Eigenvalues and clique partitions of graphs

• Published in: Advances in applied mathematics Vol. 129; p. 102220
• Main Authors: Zhou, Jiang, Bu, Changjiang
• Format: Journal Article
• Language: English
• Published: Elsevier Inc 01.08.2021
• Subjects: Clique partition; Clique partition number; Graph spectra; Restricted clique partition number; Restricted clique partition number; Graph spectra; Clique partition number; 05C70; 05C50; Clique partition
• ISSN: 0196-8858; 1090-2074
• DOI: 10.1016/j.aam.2021.102220

A clique partition ε of graph G is a set of cliques such that each edge of G belongs to exactly one clique, and the total size of ε is the sum of cardinalities of all elements in ε. The ε-degree of a vertex u is the number of cliques in ε containing u. We say that ε is a k-restricted clique partition if each vertex has ε-degree at least k.
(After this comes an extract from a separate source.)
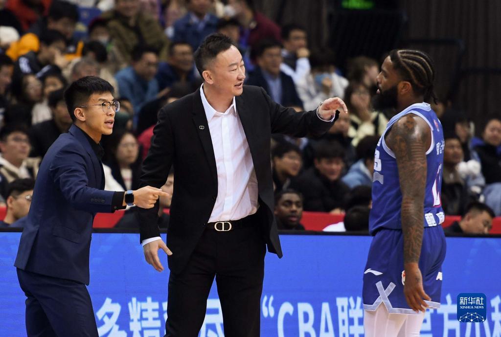 11月15日,青岛国信水产队主教练刘维伟(中)在比赛中指导球员鲍威尔。新华社记者李紫恒摄

The (k-restricted) clique partition number of G is the smallest cardinality of a (k-restricted) clique partition of G. In this paper, we obtain eigenvalue bounds for ε-degrees, clique partition number and restricted clique partition number of a graph. As applications, we derive the De Bruijn-Erdős Theorem from our eigenvalue bounds, obtain accurate estimation of the 2-restricted clique partition number of line graphs, and give spectral lower bounds for the minimum total size of clique partitions of a graph.